General characteristics
- Class & type: Bathurst-class corvette
- Displacement: 650 tons (standard), 1,025 tons (full war load)
- Length: 186 ft (57 m)
- Beam: 31 ft (9.4 m)
- Draught: 8.5 ft (2.6 m)
- Propulsion: triple expansion engine, 2 shafts, 2,000 horsepower
- Speed: 15.5 knots (28.7 km/h; 17.8 mph)
- Complement: 85
- Armament: 1 × 4 inch Mk XIX gun; 1 × 12-pounder gun; 1 × 2-pounder gun; 1 twin 0.5-inch gun;

= HMAS Horsham =

1942 Bathurst-class corvette

HMAS Horsham (J235/M235), named for the city of Horsham, Victoria, was one of 60 Bathurst-class corvettes constructed during World War II, and one of 36 initially manned and commissioned solely by the Royal Australian Navy (RAN).

==Design and construction==

In 1938, the Australian Commonwealth Naval Board (ACNB) identified the need for a general purpose 'local defence vessel' capable of both anti-submarine and mine-warfare duties, while easy to construct and operate. The vessel was initially envisaged as having a displacement of approximately 500 tons, a speed of at least 10 kn, and a range of 2000 nmi The opportunity to build a prototype in the place of a cancelled Bar-class boom defence vessel saw the proposed design increased to a 680-ton vessel, with a 15.5 kn top speed, and a range of 2850 nmi, armed with a 4-inch gun, equipped with asdic, and able to fitted with either depth charges or minesweeping equipment depending on the planned operations: although closer in size to a sloop than a local defence vessel, the resulting increased capabilities were accepted due to advantages over British-designed mine warfare and anti-submarine vessels. Construction of the prototype did not go ahead, but the plans were retained.
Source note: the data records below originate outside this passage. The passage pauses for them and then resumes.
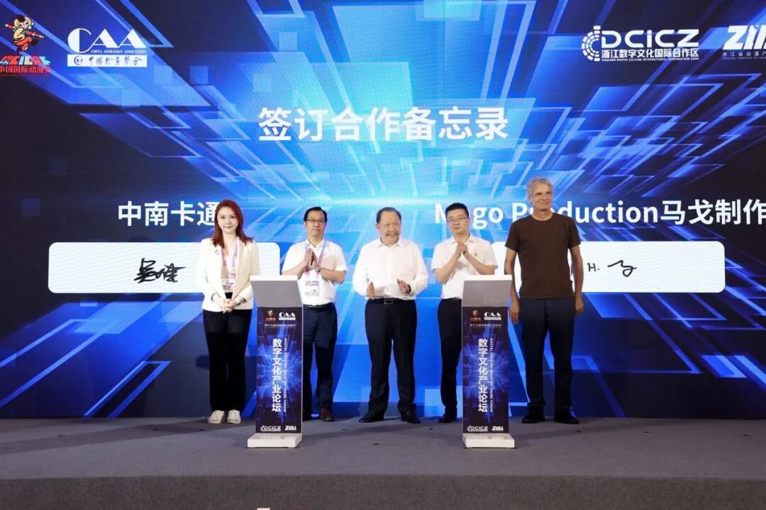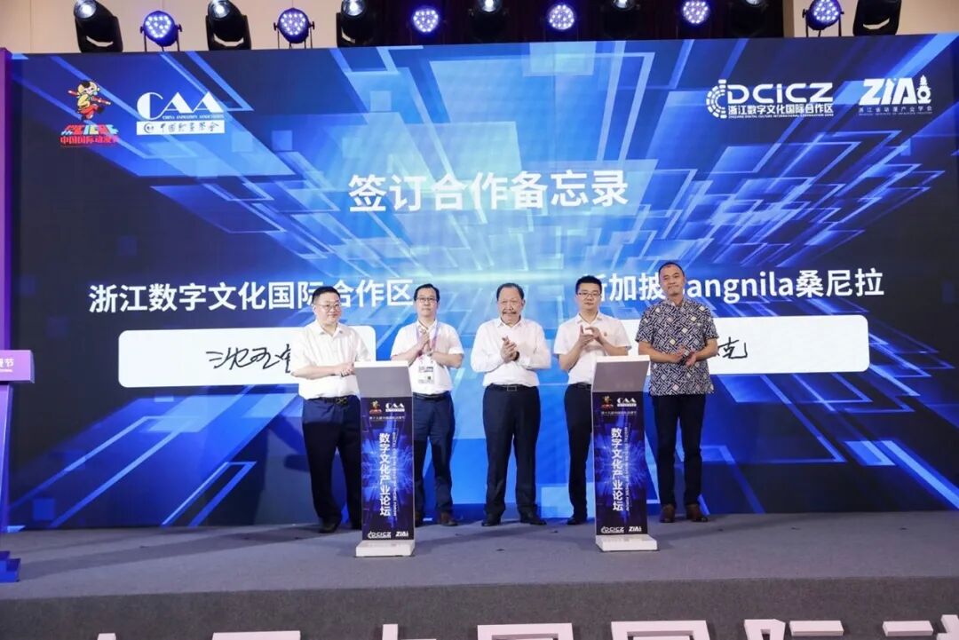 国家文化出口基地——浙江数字文化国际合作区与新加坡Sangnila(桑尼拉)、椰子集团,中南卡通与Mago Production马戈制作、金鹰卡通等四个合作项目现场签约。未来双方将就动漫作品创作、产业化发展和国际合作等领域展开多方位合作。
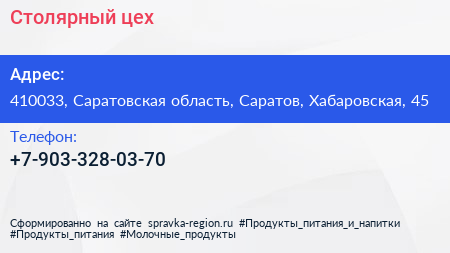 Столярный цех по адресу 410033, Саратовская область, Саратов, Хабаровская, 45 в дальнейшем Организация, размещена в следующих категориях:
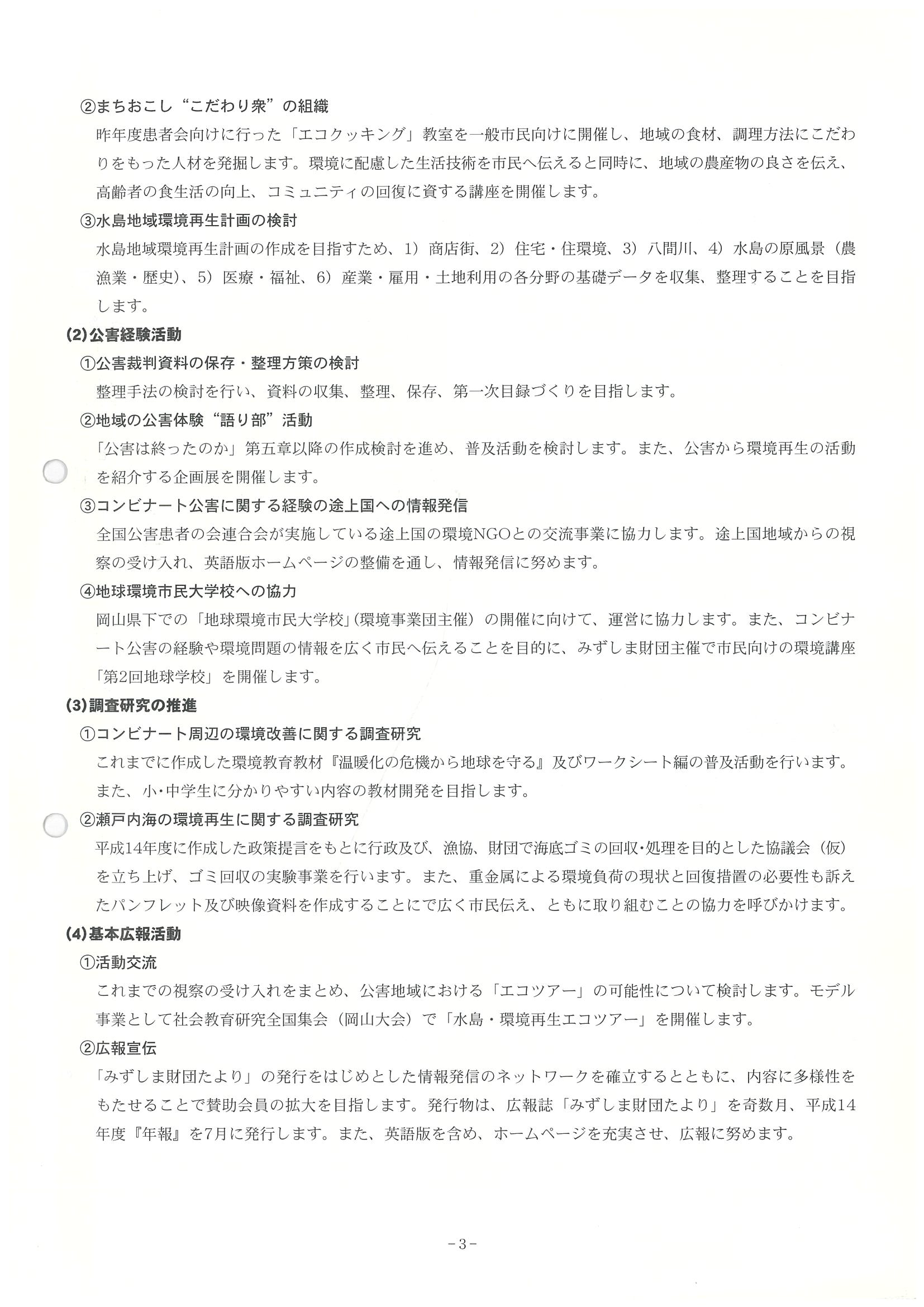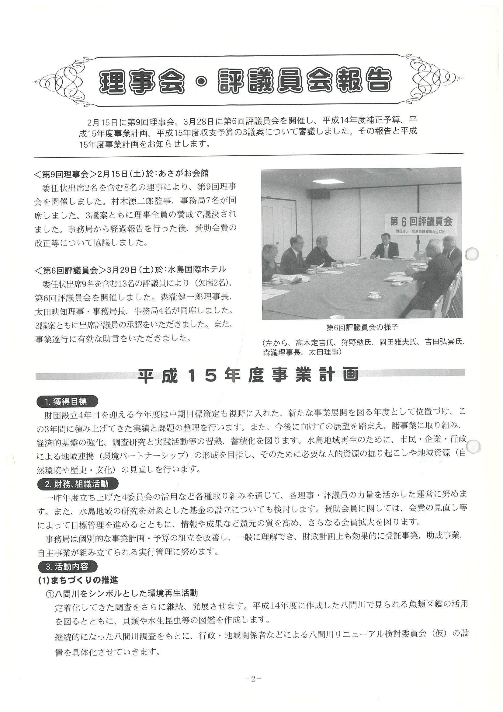 ■理事会・評議委員会報告・みずしま財団平成15年度事業計画
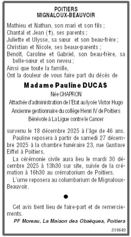 Décédée à Poitiers (86000) le jeudi 18 décembre 2025 à l'âge de 46 ans
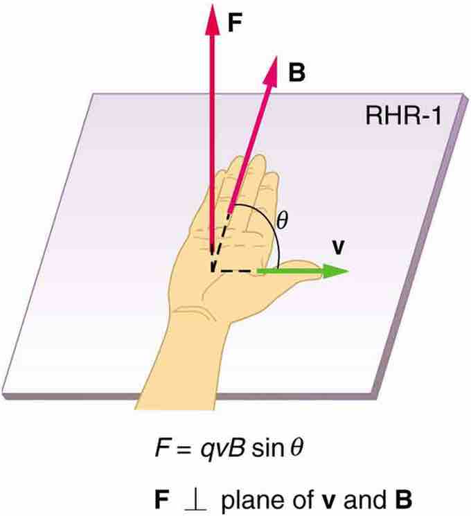 Magnetic fields exert forces on moving charges. This force is one of the most basic known. The direction of the magnetic force on a moving charge is perpendicular to the plane formed by v and B and follows right hand rule–1 (RHR-1) as shown. The magnitude of the force is proportional to q, v, B, and the sine of the angle between v and B.

The need for locally built 'all-rounder' vessels at the start of World War II saw the "Australian Minesweepers" (designated as such to hide their anti-submarine capability, but popularly referred to as "corvettes") approved in September 1939, with 60 constructed during the course of the war: 36 (including Horsham) ordered by the RAN, 20 ordered by the British Admiralty but manned and commissioned as RAN vessels, and 4 for the Royal Indian Navy.

Horsham was laid down by HMA Naval Dockyard at Melbourne, Victoria on 26 June 1941. She was launched on 16 May 1942, and was commissioned into the RAN on 18 November 1942.

==Operational history==
Horsham entered active service in January 1943. She was initially assigned to Fremantle as an anti-submarine patrol ship, where she remained until August 1944. The corvette was then deployed to Darwin as a survey ship, and remained there until the end of World War II. In September 1945, Horsham was present at the Japanese surrender of Timor. She continued in the survey role until November 1945, when she returned to Fremantle.

==Decommissioning and fate==
Horsham paid off into reserve in Fremantle on 17 December 1945. She was sold for scrapping to the Hong Kong Delta Shipping Company on 8 August 1956.